The parties were married on May 12, 1976 and a divorce complaint was filed by appellee wife on January 16, 1981. Following conciliation the parties reached an agreement which is contained in the following consent order:
After conference with all parties, it is hereby ordered, adjudged and decreed that defendant shall pay to plaintiff alimony in the amount of $325.00 per month for 18 months to begin immediately. In consideration, plaintiff will withdraw her claim for equitable distribution of property and counsel fees. The parties agree that this order constitutes a full settlement of all claims between the parties and that the within alimony award is not subject to modification. Wage attachment dissolved. Arrearages are set at $450.00 to be paid off at $75.00 per month. Both parties, and their counsel signed the consent order.

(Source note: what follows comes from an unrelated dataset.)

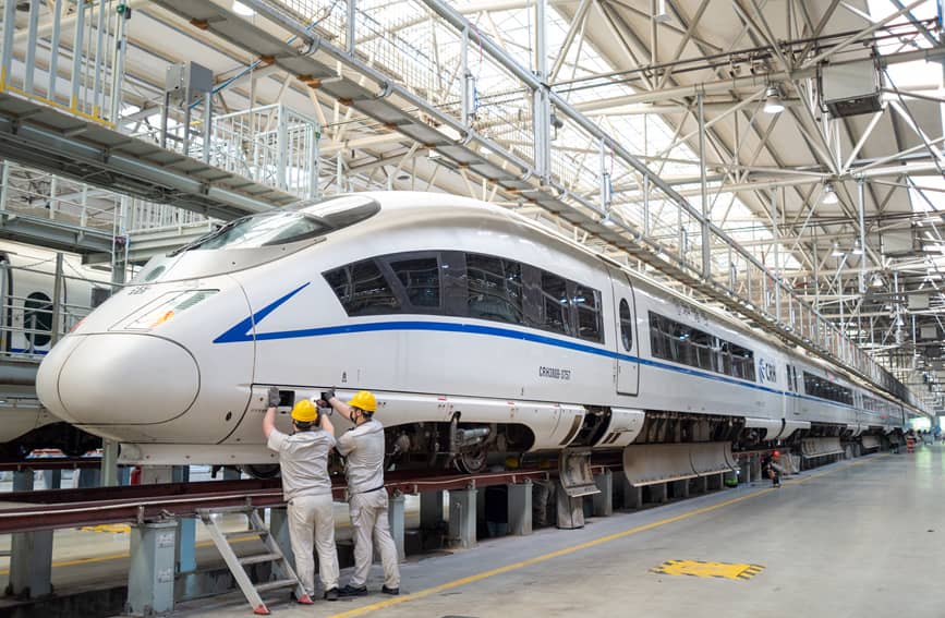 白天,在风驰电掣的动车组列车上,随车机械师拿着手电筒对车内卫生间、座椅等设施进行细致巡查;深夜,在西安动车段运用检修车间内,地勤机械师穿戴整齐、手拿工具,为驰骋了一整天的列车进行全面“体检”。

When appellant ceased to make payments, appellee sought enforcement and hearings were held by a hearing officer who made the factual finding that Mrs. VanKirk had cohabited with a man from October, 1981 to at least September, 1982. It was, however, the hearing officer’s recommendation that Mr. VanKirk’s obligation to make the payments called for in the . agreement was unaffected by that cohabitation.
The trial court dismissed exceptions filed by Mr. VanKirk to the hearing officer’s recommendation and this appeal followed.

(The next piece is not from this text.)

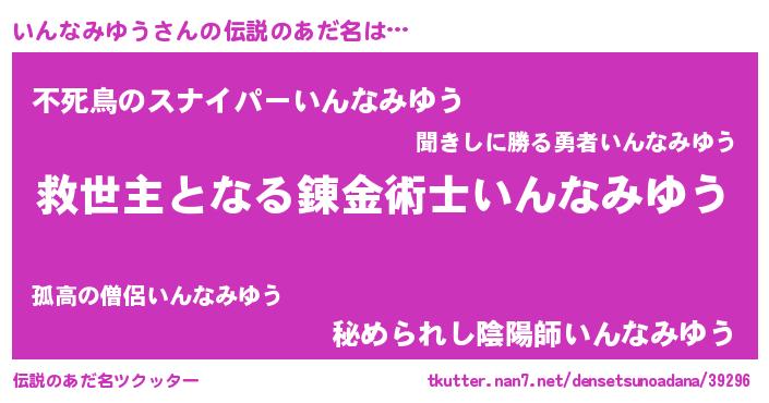 | 男性向けラノベタイトル風あだ名 | 『ノーゲーム・ノーインナミユウ』 |

*505Appellant contends that his obligation to make what the agreement terms “alimony” payments should cease pursuant to the terms of Section 507 of the Divorce Code.1 That section provides:
§ 507. Bar to any alimony.
No petitioner shall be entitled to receive any award of alimony where such petitioner has entered into cohabitation with a person of the opposite sex who is not a member of the petitioner’s immediate family within the degrees of consanguinity subsequent to the divorce pursuant to which alimony is being sought.

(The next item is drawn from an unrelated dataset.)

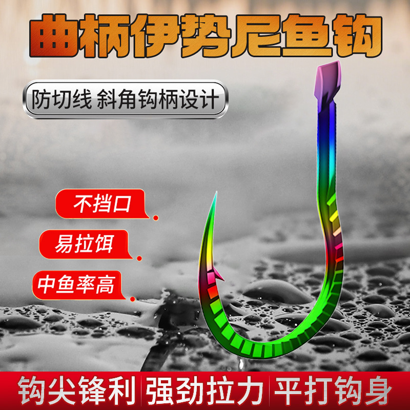 袖:此钩型无倒刺。钩尖锋利,钩柄长,钩条细钩身轻,适用于吸入取食的小型鱼种,快钓快取,多用于钓白鲫、小白条等。

The alimony payments in this case, while enforceable as a court order, (See 23 P.S. 501(f)), are not the result of an “award” of alimony by the court, but rather are the result of an agreement between the parties. The court did not enter an alimony award pursuant to the terms of Section 501 of the Act; it merely agreed to the entry of an order that reflects the agreement of the parties as to their respective property rights.
In considering appellant’s argument we have been guided by the following well-established principles which were set forth in our opinion in Kleintop v. Kleintop, 291 Pa.Super. 491, 495-496, 436 A.2d 223, 225 (1981):
... [A] property settlement agreement between husband and wife will be enforced by the courts in accordance with the same rules of law applying to determining the validity of contracts generally. 18 P.L.E. Husband and Wives § 21, at p. 47. Next, when construing an agreement involving clear and unambiguous terms, a court need only examine the writing itself to give effect to the understanding. In Re Estate of Breyer, 475 Pa. 108, 115, 379 A.2d 1305, 1309 (1977). Finally, a court must construe the contract only as written and may not modify the plain meaning of the words under the guise of interpretation. Dept. of Transportation v. Acchioni & Canuso, Inc., 14 Pa.Cmwlth. 596, 324 A.2d 828 (1974).
*506The agreement in this case made no provision for the cessation of payments in the event appellee cohabited with a man. In fact, the agreement does not call for the termination of payments in the event of her remarriage. Instead, it clearly provides for payments for eighteen months in exchange for Mrs. VanKirk’s promise not to pursue her claim for equitable distribution. There is no suggestion that appellee did not meet her end of the bargain and we will not permit appellant, who benefited from her promise, to renege on his.
We believe that our decision in the instant case comports with our earlier decision in Litwack v. Litwack, 289 Pa.Super. 405, 433 A.2d 514 (1981) in which we said of Section 507’s proscription against the payment of alimony to one cohabiting with another of the opposite sex: “This section applies to applications for alimony and does not purport to affect private, contractual obligations.” Id., 289 Pa.Superior Ct. at 409, 433 A.2d at 516.
While the Litwack case differs from the present one in that it involved a separation agreement made prior to enactment of the Divorce Code, we believe that the following principles enunciated by the Court in that opinion apply also to this case.
No assertion of fraud or mistake attendant upon the execution of the separation agreement is made. So long as a separation agreement stands unimpeached, the court cannot alter or change a provision for separate maintenance and support of the wife without the consent of both parties ... [AJbsent such impeachment, there is no authority for the court to cancel a contract made by the parties and in its place substitute one which it thinks proper but which as a matter of fact the parties had never assented to.”
Id., 289 Pa.Superior Ct. at 409, 433 A.2d at 516.
In sum, as in Litwack, we must conclude that if the parties had intended the payments to cease upon cohabitation, they could have so provided.
Order affirmed.
. Act of April 2, 1980; P.L. 63, No. 26.